Previously, reporting a problematic listing meant going through THS support manually. It was time-consuming and friction-heavy enough that many sitters simply did not bother. Caro and I personally remember encountering a listing in France that had no pets at all. The homeowner was running what amounted to a small estate with multiple rooms renting at around €1,500 per week per room, and they were looking for a couple to maintain the entire property including gardens and communal areas for free. Reporting it took somewhere between ten and twenty minutes. That friction was enough to make us think twice before reporting anything again in the future, which is exactly the wrong outcome for platform integrity.

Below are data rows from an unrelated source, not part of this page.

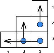 图为 $3$ 级楼梯。箭头表示运动员选择的最短路径。
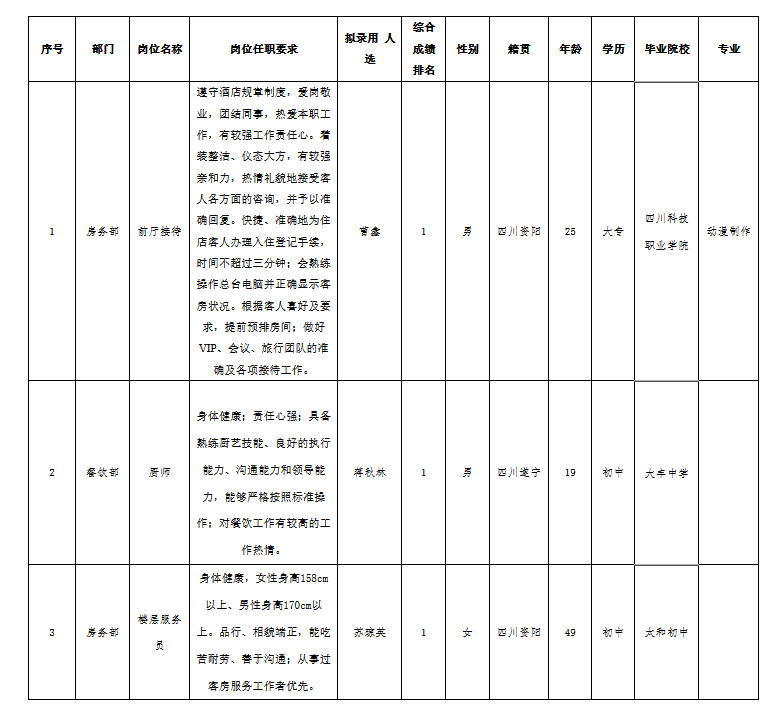 根據(jù)四川泰蒙斯酒店有限責(zé)任公司發(fā)布的招聘公告及招聘相關(guān)規(guī)定,經(jīng)筆試、面試、考察、體檢等程序,擬錄用曹鑫、蔣秋林、蘇瓊英等三位同志到泰蒙斯酒店工作,現(xiàn)予以公示,具體情況如下:
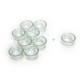 Das Teelichterhalter-Set besteht aus 8 Teelichtgläsern und einem Gratisglas mit einem Durchmesser von 39 mm. Teelichter ohne Aluhülle können in einem Teelichtglas sicher aufbewahrt und herunter gebrannt werden. Dank Glasoptik fügen sich die Teelichthalter in jede Dekoration perfekt ein. Ideal zum Beispiel für den Jahreszeitentisch oder für die Esstisch-Dekoration.
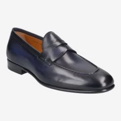 Luxus pur! Handarbeit, edles Leder, ein individuelles Finish – dieser blaue Penny-Loafer von Magnanni ist ein absolutes Sahnestück! Wenn Sie noch zu den Menschen gehören, die die Liebe für handgearbeitete Schuhe in sich tragen, dann ist dieser Business-Schuh definitiv ein Kandidat zum verlieben!
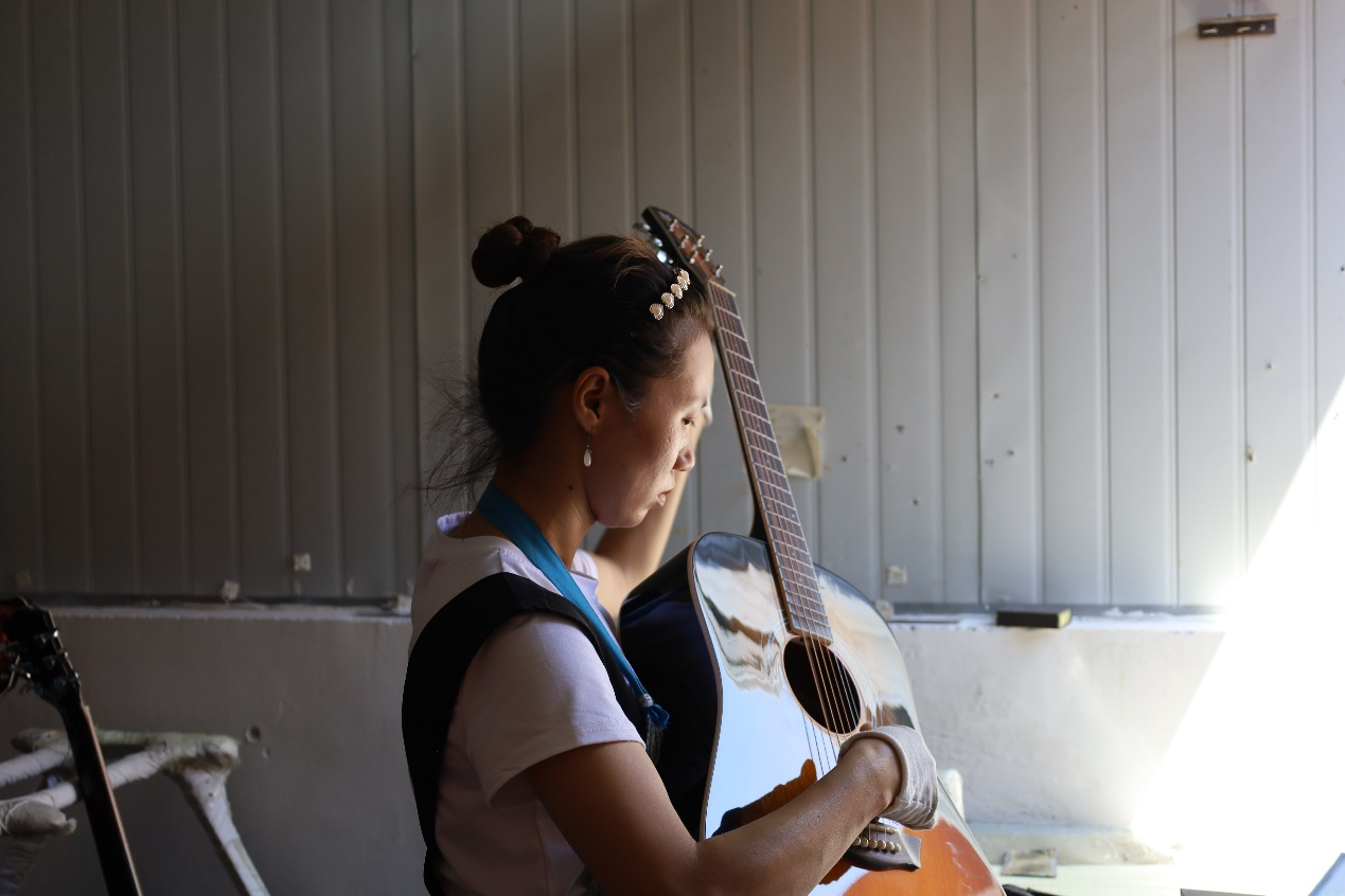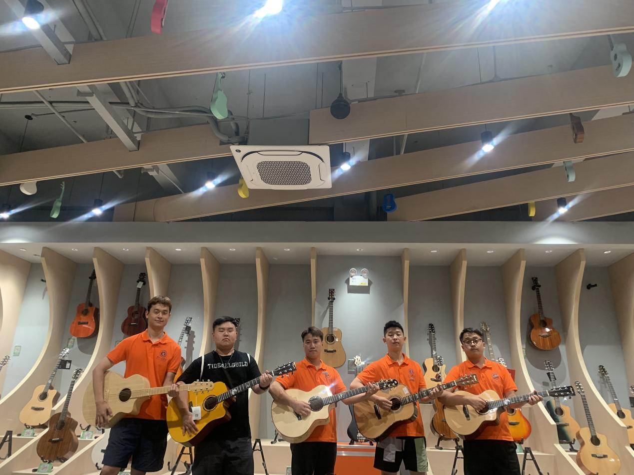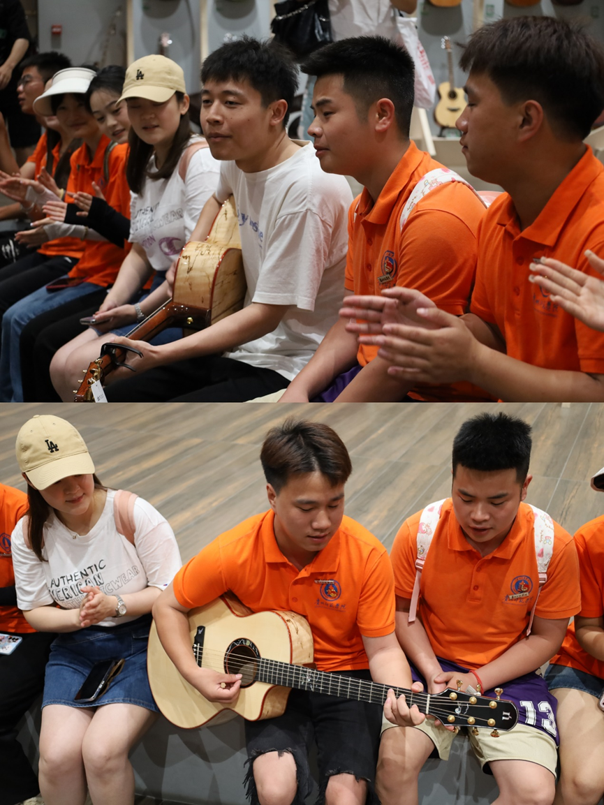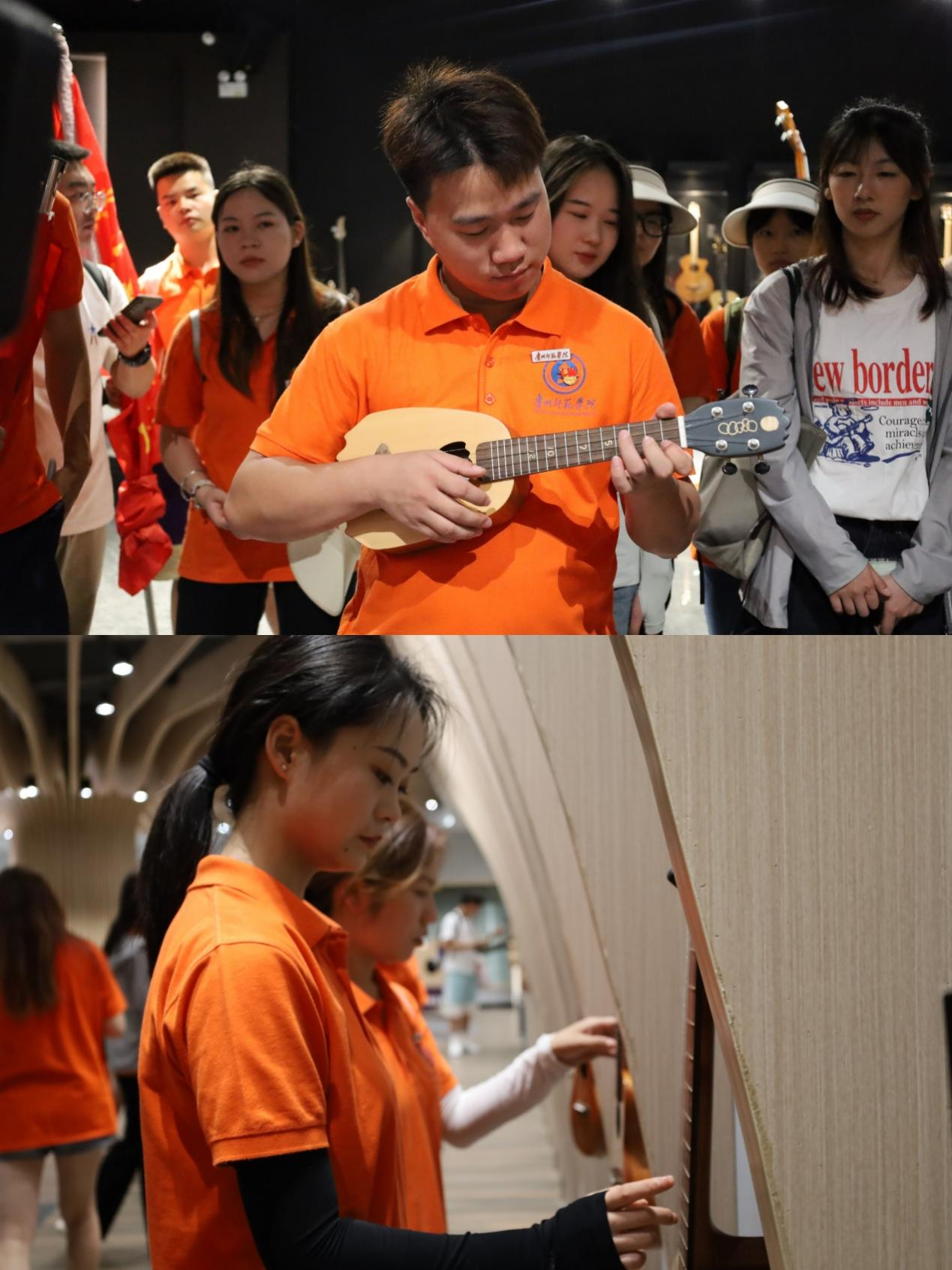 精心设计的场馆、华丽唯美的布局、用心雕琢的展区,处处彰显着建设者的细心、用心、诚心和善心。在此氛围下,公司音乐学专业本科生志愿者随即抱上吉他与贵大研究生哥哥姐姐们现场共同弹唱了《稻香》《再见》等脍炙人口的歌曲,“艺”同向正安“吉他精神”致敬。接下来,大家共同参观了张维义大师吉他工作室,并对张大师30年沉心俯身,用青春与热血致力于古典吉他制作与研究的“工匠精神”深表敬佩与折服,同学们纷纷表示也定会回归“工匠”初心,用奋斗锻造青春最美华章。
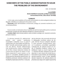 In this study, some modalities of the public administration to solve ecological problems by Republic of Moldova are addressed in the author’s vision.
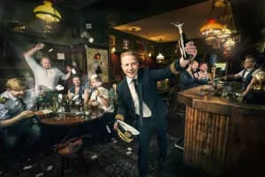 | Med stiv kuling & håret tilbage | |
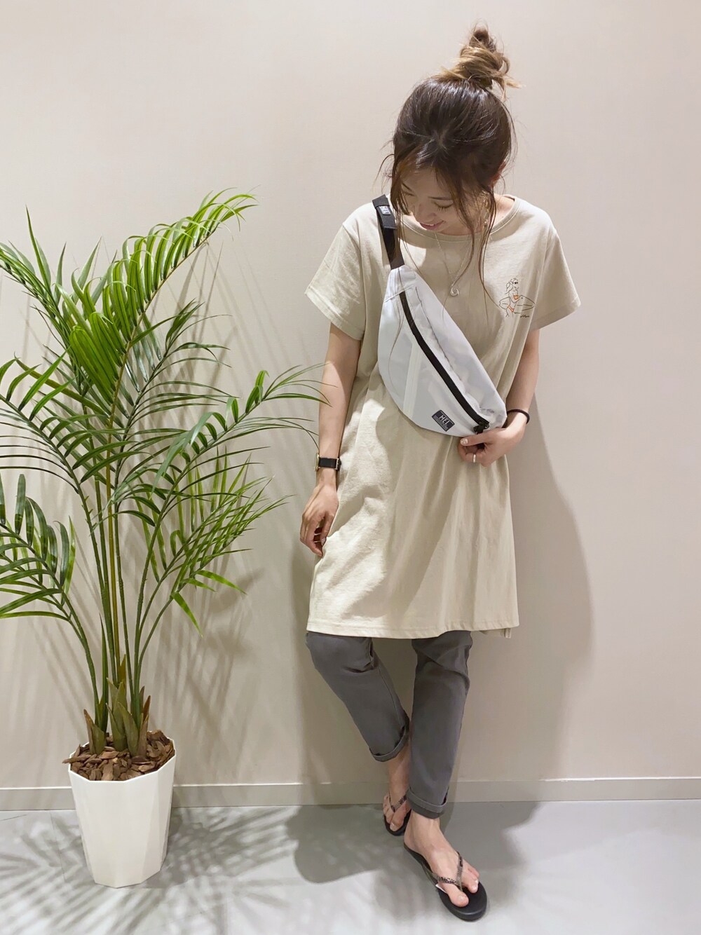 いつも観覧ありがとうございます🤍 サーフガールワンピースのラフコーデ🌿 胸元とワンポイントが可愛いワンピース✌︎ ワンサイズでゆったり着れるのが良いですよね🌻 テーパードパンツは、ストレッチ抜群‼︎ 是非checkしてみてください✌︎💛🤍

A one-click or minimal-step report function changes that calculation entirely.
What Took So Long
This feature has been requested by the THS community for years. As far back as 2022, sitters on the forum were asking for a report button directly on listings, pointing out that the absence of one meant the community was effectively policing listings themselves by raising issues on the forum one by one.
It is better now than never, and the fact that it has arrived is genuinely good news. But the honest read is that this should have existed much earlier. The THS community has been doing voluntary moderation work for years by flagging listings informally through forum posts and support tickets. Formalising that process into a proper in-platform tool is the right move, and the platform deserves credit for building it. It just took longer than it should have.

What Listings Should Actually Be Reported
Not every listing you disagree with or find unappealing is a reporting matter. The feature is for genuine violations, and using it responsibly means understanding the difference.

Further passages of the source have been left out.